MIDWAY : Eyesores on earth
Some feel heart-broken when they see sea beaches littered with fag ends; others get worked up to see high mountain trails soiled with oxygen bottles, food-and-beverage cans, plastic ropes and other paraphernalia for mountaineering. Pious Hindus feel dejected at seeing Bagmati or the Ganges branded as the most polluted rivers in the world. One feels aghast to think that cities, which boast of UNESCO-classified sites and monuments, such as Kathmandu and Agra, are among the most polluted and plastic-strewn in the world.
One anxious lover of nature once put a pertinent question to a scientist: why can’t we send all the garbage into the sun so that the great celestial body will turn everything into ashes? The specialist’s answer, however, was not really encouraging. Among other nuisances, plastic presence is the most prominent in garbage. Burning such colossal quantity of plastic will just deal a coup de grace to environment and by extension, to more than twelve million species of living beings inhabiting the planet.
Another stumbling block to the ‘garbage container’ en route to the sun: the need to propel it at 11.2 km/s in order to avoid the earth’s gravity. How on earth humans will carry out such stint! Hence, the corollary: all the garbage of the world is here to stay as a blot on the ultimate landscape - the Earth.
Happily, not all are indifferent to whatever is happening to environment. Ladakh, the north-western territory of India, has quite effectively banned the use of plastic bags. In Nepal, the use of plastic bags is banned along the trail leading to Annapurna Base Camp and in Mustang. As far as countries are concerned, South Africa, Ireland and Taiwan are among the very few who have banned the use of the ‘immortal’ synthetic stuff.

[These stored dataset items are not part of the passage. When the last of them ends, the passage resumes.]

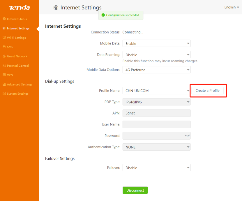 Step 3: If the wired speed of the router is still quite slow, please contact your SIM card provider to see if they have other APN settings, if so, try to create a connection profile on Internet Settings page to see the speed can be improved.
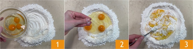 Para preparar los ravioles rellenos de gallo, primero en una tabla, colocar la harina en forma de fuente y poner en el centro los huevos 1. Añadir una pizca de sal 2 e incorporar poco a poco la harina con un tenedor 3.
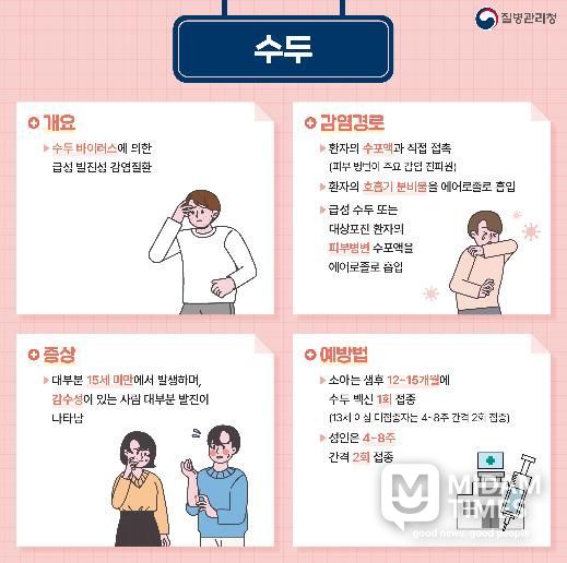 수두는 수두-대상포진 바이러스에 의해 발병하는 급성 바이러스성 질환으로, 발열과 함께 온몸에 수포성 발진이 나타나는 것이 특징이다.
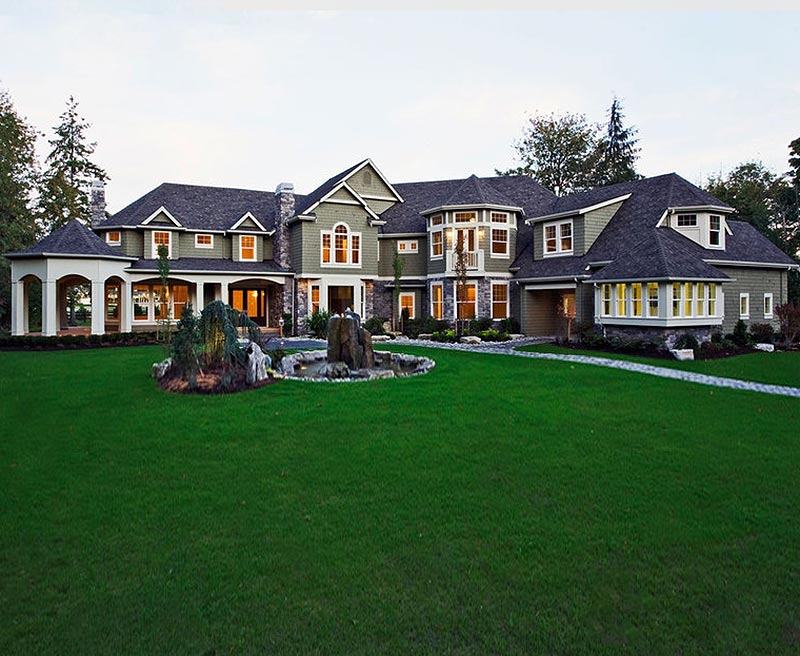 This estate home is distinguished by a graceful front porch with gazebo. The main entry leads into a double-height foyer with a balcony overlook. The extra-height formal living room and beamed dining room are located to the right, while a strong cross-axis leads through the curving stair rotunda with its formal library, to the immense 2-story family room with its rows of clerestory windows. A grand island kitchen, and BBQ/dining porch complete the main floor. The upstairs balcony hallway connects the stairwells astride the 2-story family room, accessing the grand vaulted master suite with its octagonal sitting room, spectacular master bath and huge walk-in closet. Three large secondary bedrooms with private baths, an open computer loft, and a gigantic bonus room with a fireplace complete the upper floor.
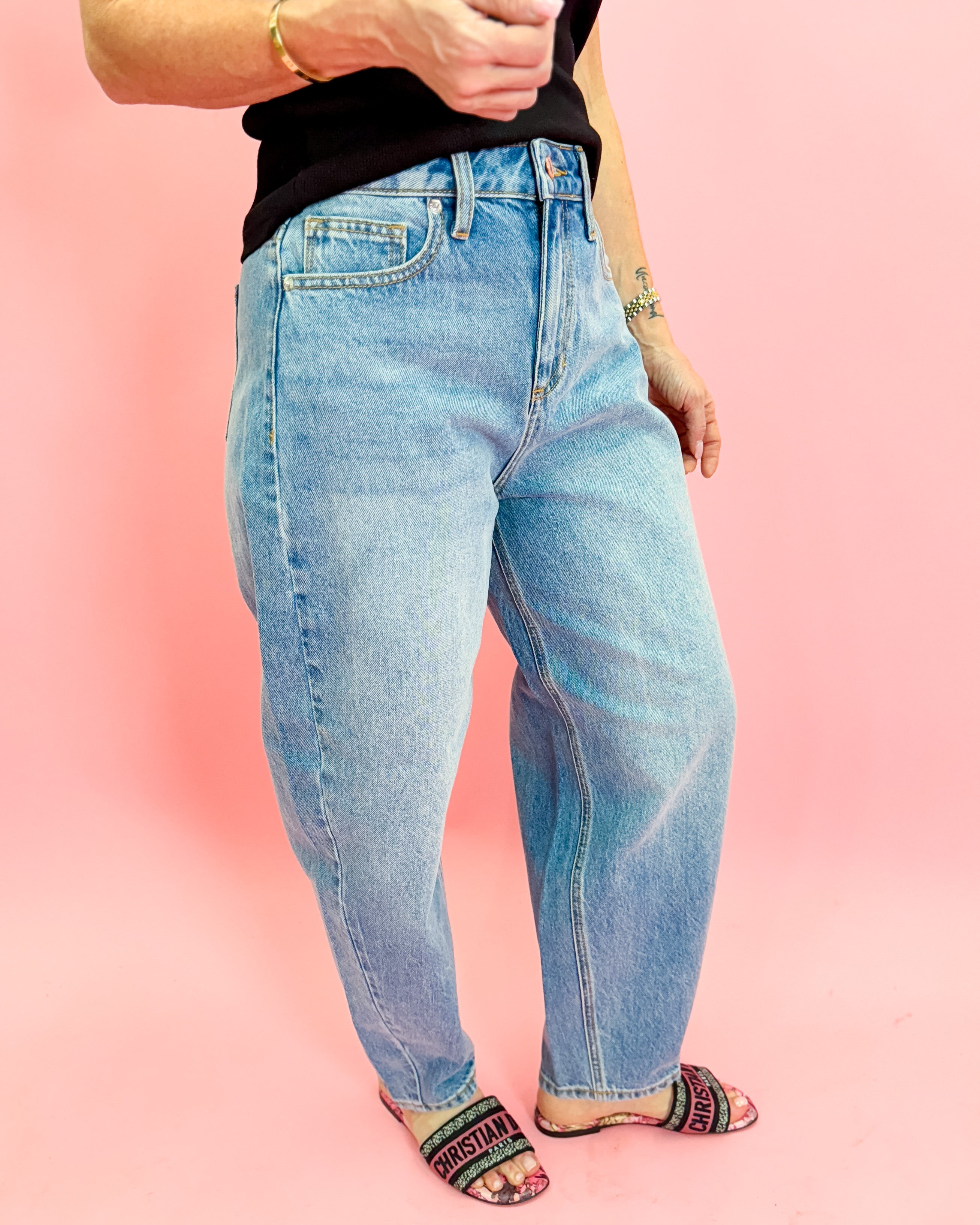HIGH RISE BALLON FIT JEANS IN MEDIUM VINTAGE Leg Opening: 13 1/4" Front Rise: 12 1/2" Inseam: 26"
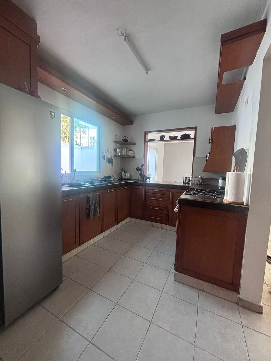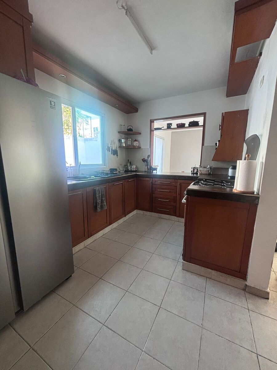 Sala, comedor, cocina equipada, 1 récamara, cuarto de servicio con baño, cuarto de lavado, medio baño.

Those who have resorted to the laudable say-no-to-plastic initiative do deserve every bit of compliment: plastic bags can scar the face of the earth as long as 400 years, that is, five generations of people may see the same plastic bag littering their garden. Garr…not an eye-catching sight, actually! And one barely needs to be reminded that in gardens, roses and marigolds look more beautiful than plastics — hence a capital NO to plastic in our collective garden — the earth.